Come nel caso di Rock con Bowie o della Leibovitz con Lennon, l’intimità tra fotografo e il suo soggetto, che in questi casi è un dialogo muto tra due artisti, è forse alla base delle immagini che oggi definiamo «iconiche». Come quella scattata nel 1967 da Joel Brodsky nel suo studio di New York a Jim Morrison. Il frontman dei Doors è senza maglietta, in una posa che richiama il Cristo in croce con uno sguardo intenso verso l’obiettivo. I Doors quell’anno pubblicheranno i loro primi due dischi storici. Quel fotogramma, ha spiegato lo stesso Brodsky, catturava Morrison nel suo momento migliore perché «non sarebbe mai più apparso come allora». Il giovane cantante e poeta era già in preda ai suoi demoni, la stessa session non fu affatto facile. Jim era così ubriaco che non riusciva quasi a stare in piedi. L’intimità era anche alla base del rapporto tra Robert Mapplethorpe e Patti Smith, una relazione romantica e fraterna raccontata nel libro della rocker Just Kids. Prima ancora di diventare la sacerdotessa del punk, Patti fu il soggetto degli scatti più naturali, teneri e poetici di un fotografo che non avrà paura di sovvertire le regole della sua arte. Perché la capacità di cogliere qualcosa di unico soprattutto in artisti complessi o tormentati è uno dei talenti dei grandi fotografi. Lo ha capito il newyorkese Mark Seliger, quando ritrasse Kurt Cobain in una session per Rolling Stone dopo la pubblicazione dell’ultimo album dei Nirvana In Utero. Seliger realizzò una serie di primi piani in bianco e nero, l’aspetto strafottente classico di Kurt in unico scatto si smorza e appare, per un solo fotogramma, come ha spiegato lo stesso Seliger, completamente indifeso. La rockstar scompare, riappare il ragazzo fragile, spaventato dal mondo e da quella fama che non riusciva a gestire. Sarà l’immagine che Rolling Stone utilizzerà per una cover story dedicata a Cobain dopo il suo suicidio.
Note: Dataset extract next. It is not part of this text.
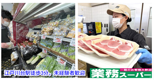 | 勤務地 | 【生鮮&業務スーパー 江戸川台店】 千葉県流山市江戸川台東3丁目6-2 ※近隣店舗への配属・異動も有(ご希望を考慮) |
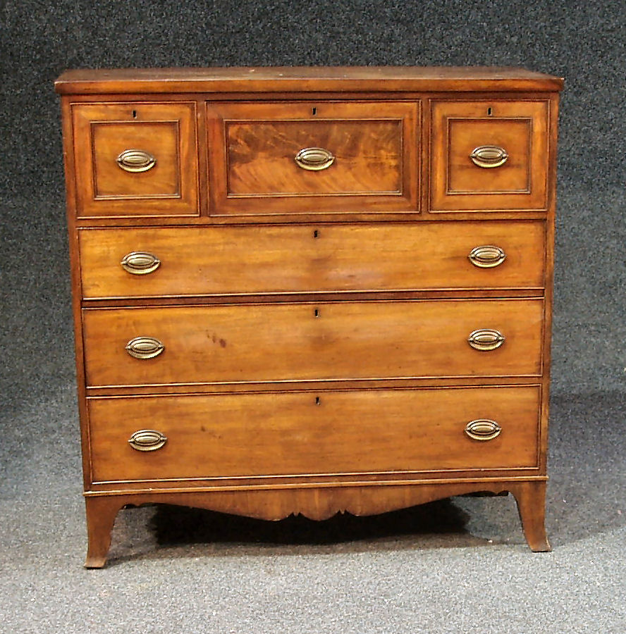 with three deep panelled drawers over three graduated long drawers above shaped apron, on splayed feet

La relazione tra rockstar e fotografi spesso è la storia di un attimo, di un giorno, altre volte di un’intera carriera. L’italiano Armando Gallo ha iniziato la sua professione di fotografo e giornalista musicale a Londra alla fine degli anni Sessanta dove tutto stava accadendo. Uno dei suoi primi incarichi fu quello di andare alla presentazione alla stampa di Sgt. Pepper dei Beatles. Fu qui che raccontando la scena locale per i primi magazine rock italiani (Big e Ciao 2001) entrò in contatto con una band di cui ha seguito sempre l’evoluzione, diventandone biografo ufficiale e principale ritrattista, i Genesis. In una delle prime foto che scattò alla band, datata 1971, si vede un accigliato Phil Collins che invece di prestare attenzione all’obiettivo sfoglia una rivista. Ha rivelato Gallo che il batterista che dieci anni dopo sarebbe diventato la popstar più celebre del pianeta era sconfortato dal fatto che la stampa musicale inglese non parlasse del suo gruppo. Gallo realizzerà la copertina del live Seconds Out del 1977 e firmerà la prima biografia della band del 1978. Nel suo immenso repertorio di lavori c’è anche la regia di un video degli U2, Even Better than the Real Thing.

Che cosa sarebbe la storia del rock senza le immagini che l’hanno accompagnata? Le fotografie non solo hanno fissato nella memoria di tutti il fascino, l’estetica e la mistica di alcuni artisti diventati divi e icone. In alcuni casi hanno saputo creare qualcosa di più profondo che, col passare del tempo, ha assunto una vita propria anche indipendente rispetto al semplice interesse e alla curiosità per la foto che ritrae una celebrità. L’aveva capito e spiegato bene Mick Rock quando, ripensando al suo lavoro, disse: «Una volta era solo rock’n’roll. Era del tutto usa e getta. Oggi è arte».